• [Directions]: Please return each entry that follows exactly as written, and keep the pictures out.
==== Material for the task
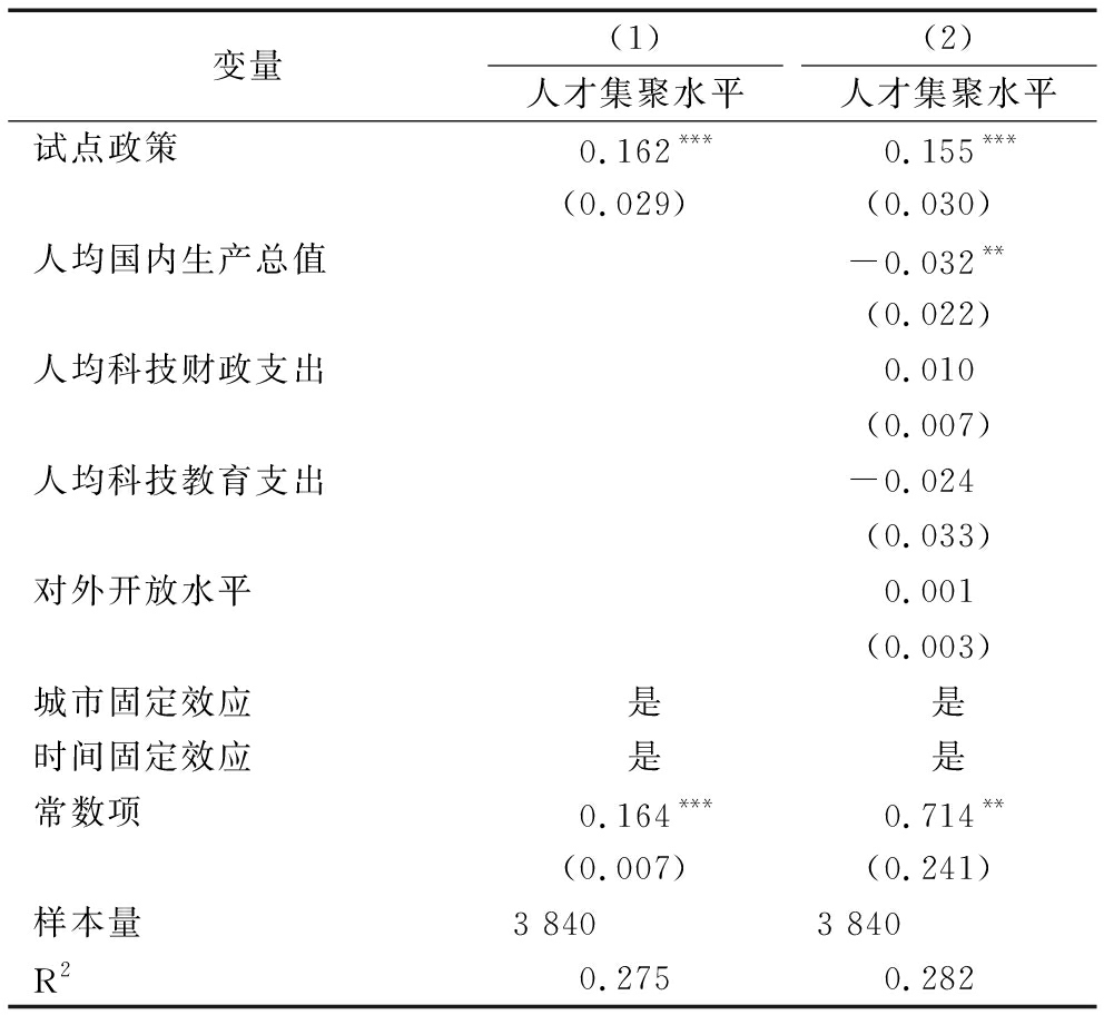 变量(1)人才集聚水平(2)人才集聚水平试点政策0.162***0.155***(0.029)(0.030)人均国内生产总值-0.032**(0.022)人均科技财政支出0.010(0.007)人均科技教育支出-0.024(0.033)对外开放水平0.001(0.003)城市固定效应是是时间固定效应是是常数项0.164***0.714**(0.007)(0.241)样本量3 8403 840R20.2750.282
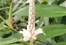 益智,别名:益智仁、益智子。姜科,山姜属多年生草本植物。株高可达3米;茎丛生;根茎短,叶片披针形,总状花序在花蕾时全部包藏于一帽状总苞片中,花时整个脱落,花序轴被极短的柔毛;花萼筒状,花冠白色,…全部>>
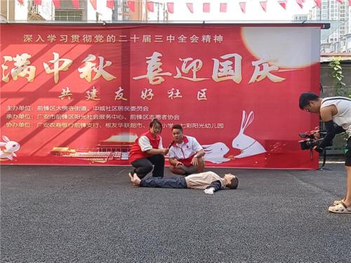 在健康科普環(huán)節(jié),邀請前鋒區(qū)紅十字會的資深老師,現(xiàn)場演示心肺復蘇等急救技能,讓群眾既拓展了衛(wèi)生健康知識面,又學到了實用的應(yīng)急救命技能。
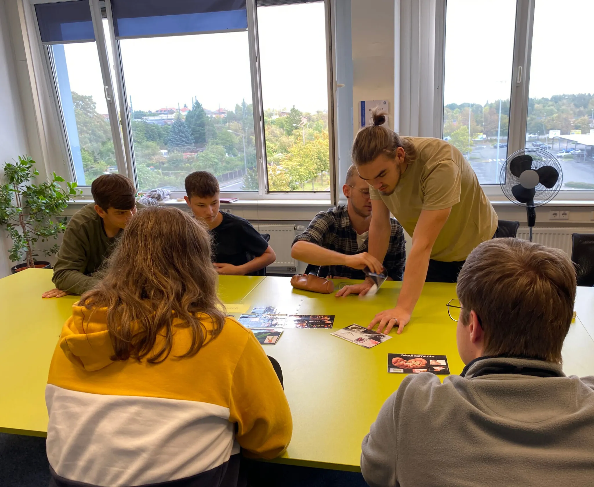 In den verschiedenen Lehrjahren erwartet die Auszubildenden ein Grundlagenseminar zur Thematik Sucht, ein Besuch in einer Leipziger Klinik für Suchtbehandlung und ein Aufbauworkshop, in dem es um Suchtprävention geht.
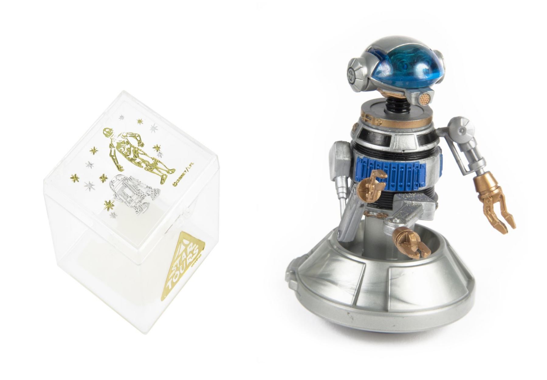 (Disneyland, c.1990s-2000s) A souvenir toy of Captain RX-24 (Rex) from Disneyland's "Star Tours" attraction, paired with a plastic "Star Tours" box. The toy features several rotating sections so that each arm can be moved independently, as well as the head and body. Rex's blue visor cal also be lifted. The box features C3PO & R2D2 on the lid with the "Star Tours" logo on the front side. The toy measures 3.5" tall and the box measures 2.75"x2.75" and 2.25" tall. The condition is very good throughout with minor wear from use.
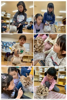 みんなが描いた絵は本日持ち帰っていますので、ぜひご家庭でご覧いただき、きのこ栽培についてお話を聞いてみてください。今日はあいにくのお天気だった為室内での活動となりましたが、みんないきいきとした表情で楽しんでいました。
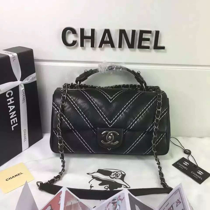 2016 Chanel Classic Top Handle Bag Original Chevron Calfskin Leather A94168 Black
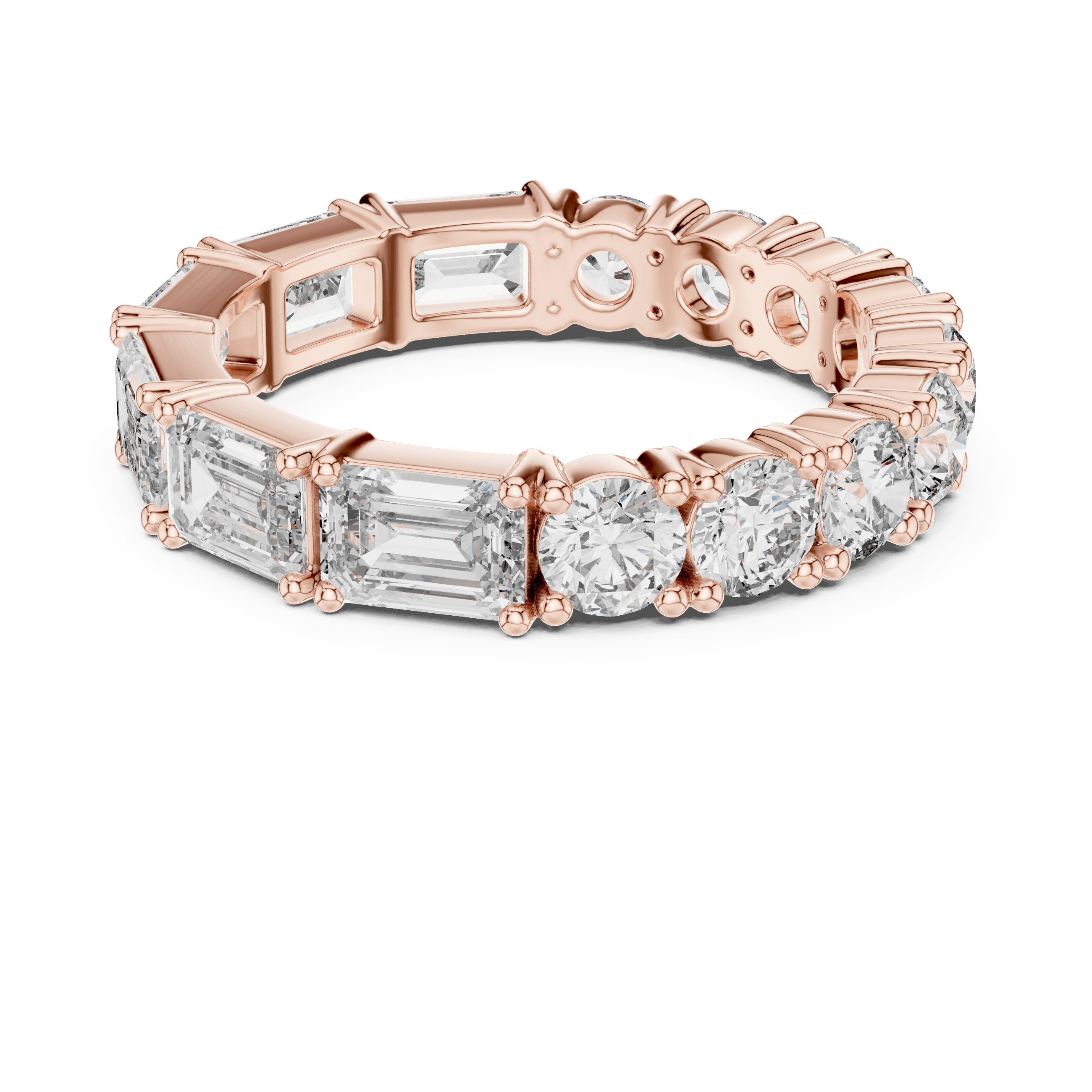 Emerald & Round Diamond Eternity Ring | Elegant Emerald Cut Diamond Band
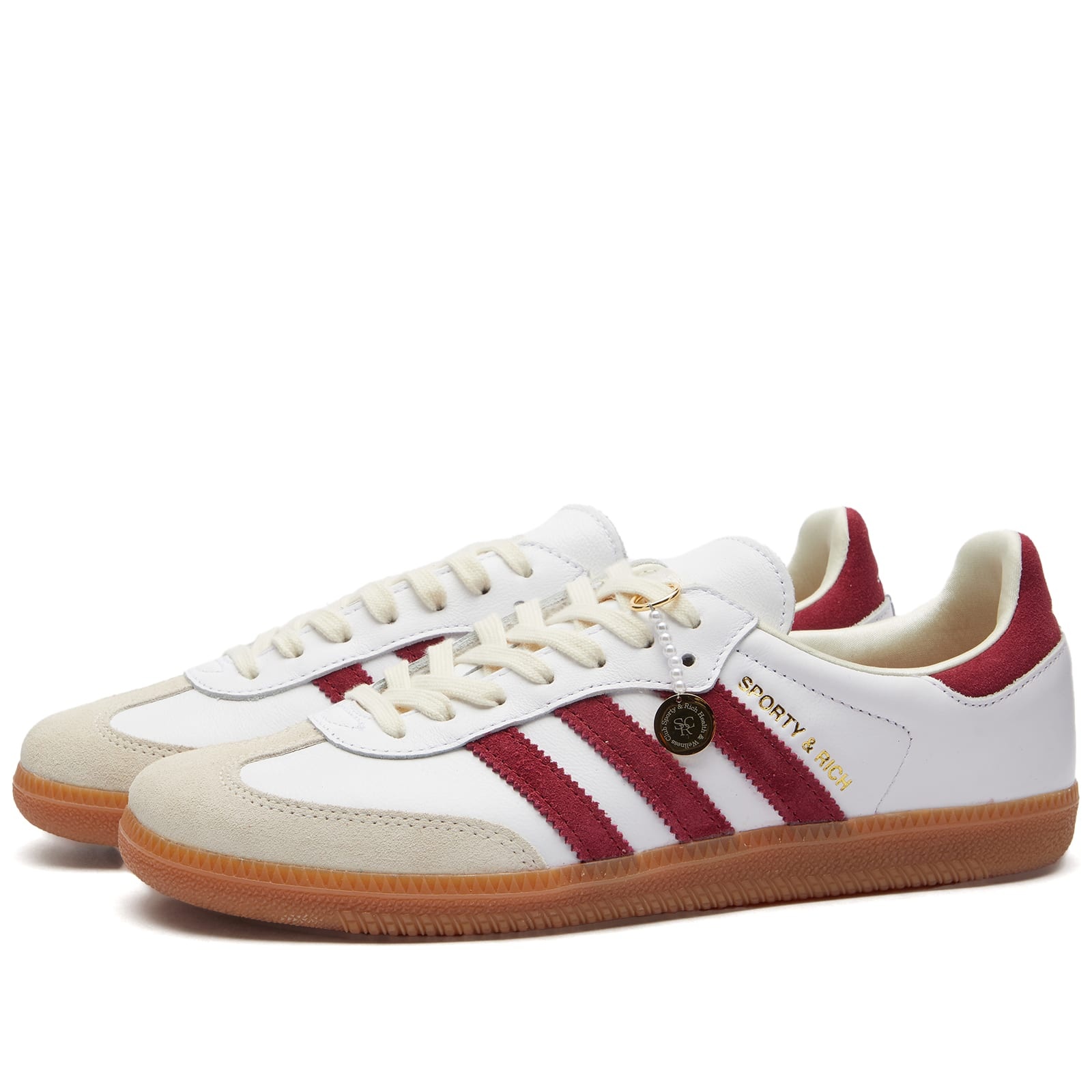 After arguably one of the collabs of this summer, Sporty & Rich now join forces with adidas to reimagine the staple Samba sneaker with a fresh autumnal aesthetic. Here, the silhouette’s key DNA is reimagined with luxury touches from Emily Oberg’s label - note the suede burgundy 3-stripes and gold foil branding - while the OG gum rubber sole rounds the look together. Consider us obsessed… again! - Leather Uppers - Suede Overlays - Rubber Outsole - Style Code: IF5660
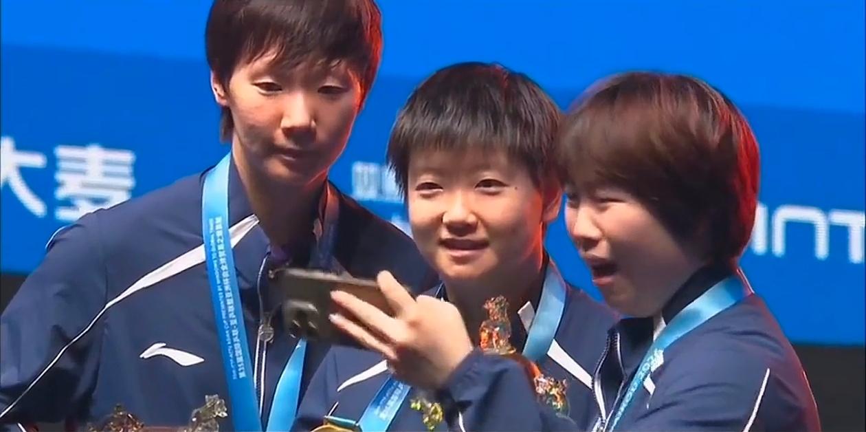 三人在领奖台上自拍的欢乐瞬间... ★孙颖莎: 嘴角上扬,眼神清澈,微微一笑,阳光灿烂,此刻的她正处在夺冠后的兴奋中,享受着属于她的胜利时刻。 ★王曼昱: 表情平静而内敛,紧闭嘴唇,目光恍惚,此刻的她满是遗憾,尽管是亚军,但是还未缓过神,毕竟刚才拿到过赛点,曾离冠军只有一球之差... ★蒯曼: 搞怪的蒯曼,尽管只是第三名,却也是非常开心的,此刻的她只想拍出美美的三人合影,夸张的表情是在告诉大家,拍的太丑了...
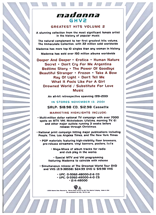 On December 12 2001, Madonna participated in a MSN Live Chat, to promote GHV2 (Greatest Hits Volume 2), which was released on November 12.
========
• [Exercise output]:
 变量(1)人才集聚水平(2)人才集聚水平试点政策0.162***0.155***(0.029)(0.030)人均国内生产总值-0.032**(0.022)人均科技财政支出0.010(0.007)人均科技教育支出-0.024(0.033)对外开放水平0.001(0.003)城市固定效应是是时间固定效应是是常数项0.164***0.714**(0.007)(0.241)样本量3 8403 840R20.2750.282
 益智,别名:益智仁、益智子。姜科,山姜属多年生草本植物。株高可达3米;茎丛生;根茎短,叶片披针形,总状花序在花蕾时全部包藏于一帽状总苞片中,花时整个脱落,花序轴被极短的柔毛;花萼筒状,花冠白色,…全部>>
 在健康科普環(huán)節(jié),邀請前鋒區(qū)紅十字會的資深老師,現(xiàn)場演示心肺復蘇等急救技能,讓群眾既拓展了衛(wèi)生健康知識面,又學到了實用的應(yīng)急救命技能。
 In den verschiedenen Lehrjahren erwartet die Auszubildenden ein Grundlagenseminar zur Thematik Sucht, ein Besuch in einer Leipziger Klinik für Suchtbehandlung und ein Aufbauworkshop, in dem es um Suchtprävention geht.
 (Disneyland, c.1990s-2000s) A souvenir toy of Captain RX-24 (Rex) from Disneyland's "Star Tours" attraction, paired with a plastic "Star Tours" box. The toy features several rotating sections so that each arm can be moved independently, as well as the head and body. Rex's blue visor cal also be lifted. The box features C3PO & R2D2 on the lid with the "Star Tours" logo on the front side. The toy measures 3.5" tall and the box measures 2.75"x2.75" and 2.25" tall. The condition is very good throughout with minor wear from use.
 みんなが描いた絵は本日持ち帰っていますので、ぜひご家庭でご覧いただき、きのこ栽培についてお話を聞いてみてください。今日はあいにくのお天気だった為室内での活動となりましたが、みんないきいきとした表情で楽しんでいました。
 2016 Chanel Classic Top Handle Bag Original Chevron Calfskin Leather A94168 Black
 Emerald & Round Diamond Eternity Ring | Elegant Emerald Cut Diamond Band
 After arguably one of the collabs of this summer, Sporty & Rich now join forces with adidas to reimagine the staple Samba sneaker with a fresh autumnal aesthetic. Here, the silhouette’s key DNA is reimagined with luxury touches from Emily Oberg’s label - note the suede burgundy 3-stripes and gold foil branding - while the OG gum rubber sole rounds the look together. Consider us obsessed… again! - Leather Uppers - Suede Overlays - Rubber Outsole - Style Code: IF5660
 三人在领奖台上自拍的欢乐瞬间... ★孙颖莎: 嘴角上扬,眼神清澈,微微一笑,阳光灿烂,此刻的她正处在夺冠后的兴奋中,享受着属于她的胜利时刻。 ★王曼昱: 表情平静而内敛,紧闭嘴唇,目光恍惚,此刻的她满是遗憾,尽管是亚军,但是还未缓过神,毕竟刚才拿到过赛点,曾离冠军只有一球之差... ★蒯曼: 搞怪的蒯曼,尽管只是第三名,却也是非常开心的,此刻的她只想拍出美美的三人合影,夸张的表情是在告诉大家,拍的太丑了...
 On December 12 2001, Madonna participated in a MSN Live Chat, to promote GHV2 (Greatest Hits Volume 2), which was released on November 12.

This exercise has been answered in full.